Supplied data: Begin
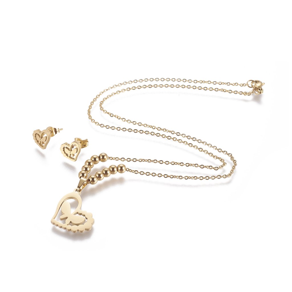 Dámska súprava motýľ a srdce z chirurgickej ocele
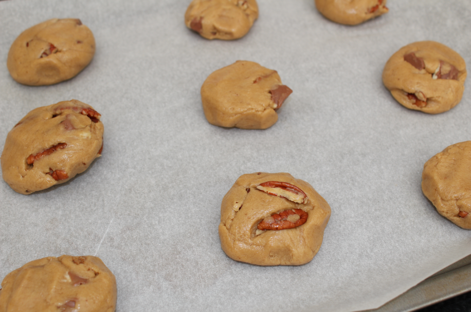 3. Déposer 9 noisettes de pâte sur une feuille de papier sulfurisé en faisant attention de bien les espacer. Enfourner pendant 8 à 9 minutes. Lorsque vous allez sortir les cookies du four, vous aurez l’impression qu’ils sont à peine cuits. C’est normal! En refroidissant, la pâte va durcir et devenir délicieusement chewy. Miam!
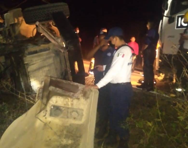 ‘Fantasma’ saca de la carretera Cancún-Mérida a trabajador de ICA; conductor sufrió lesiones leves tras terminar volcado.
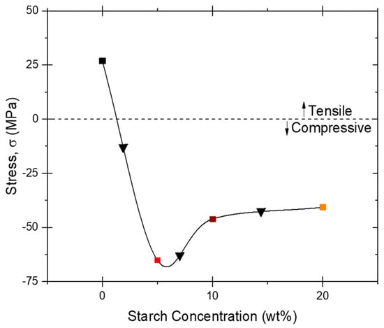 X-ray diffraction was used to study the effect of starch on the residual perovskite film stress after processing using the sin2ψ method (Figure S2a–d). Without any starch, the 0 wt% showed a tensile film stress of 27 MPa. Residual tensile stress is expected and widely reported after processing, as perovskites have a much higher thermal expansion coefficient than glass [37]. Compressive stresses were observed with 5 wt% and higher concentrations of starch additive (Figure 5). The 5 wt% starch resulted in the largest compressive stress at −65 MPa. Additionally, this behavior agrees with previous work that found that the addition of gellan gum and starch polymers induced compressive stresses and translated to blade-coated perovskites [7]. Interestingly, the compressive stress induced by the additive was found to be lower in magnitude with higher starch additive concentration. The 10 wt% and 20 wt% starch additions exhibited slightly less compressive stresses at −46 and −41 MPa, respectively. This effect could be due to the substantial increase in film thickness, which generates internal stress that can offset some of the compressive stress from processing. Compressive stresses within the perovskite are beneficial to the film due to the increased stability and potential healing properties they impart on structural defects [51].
Supplied data: End
__Task brief__
Copy out the material above exactly; the images stay out.

__Task answer__
 Dámska súprava motýľ a srdce z chirurgickej ocele
 3. Déposer 9 noisettes de pâte sur une feuille de papier sulfurisé en faisant attention de bien les espacer. Enfourner pendant 8 à 9 minutes. Lorsque vous allez sortir les cookies du four, vous aurez l’impression qu’ils sont à peine cuits. C’est normal! En refroidissant, la pâte va durcir et devenir délicieusement chewy. Miam!
 ‘Fantasma’ saca de la carretera Cancún-Mérida a trabajador de ICA; conductor sufrió lesiones leves tras terminar volcado.
 X-ray diffraction was used to study the effect of starch on the residual perovskite film stress after processing using the sin2ψ method (Figure S2a–d). Without any starch, the 0 wt% showed a tensile film stress of 27 MPa. Residual tensile stress is expected and widely reported after processing, as perovskites have a much higher thermal expansion coefficient than glass [37]. Compressive stresses were observed with 5 wt% and higher concentrations of starch additive (Figure 5). The 5 wt% starch resulted in the largest compressive stress at −65 MPa. Additionally, this behavior agrees with previous work that found that the addition of gellan gum and starch polymers induced compressive stresses and translated to blade-coated perovskites [7]. Interestingly, the compressive stress induced by the additive was found to be lower in magnitude with higher starch additive concentration. The 10 wt% and 20 wt% starch additions exhibited slightly less compressive stresses at −46 and −41 MPa, respectively. This effect could be due to the substantial increase in film thickness, which generates internal stress that can offset some of the compressive stress from processing. Compressive stresses within the perovskite are beneficial to the film due to the increased stability and potential healing properties they impart on structural defects [51].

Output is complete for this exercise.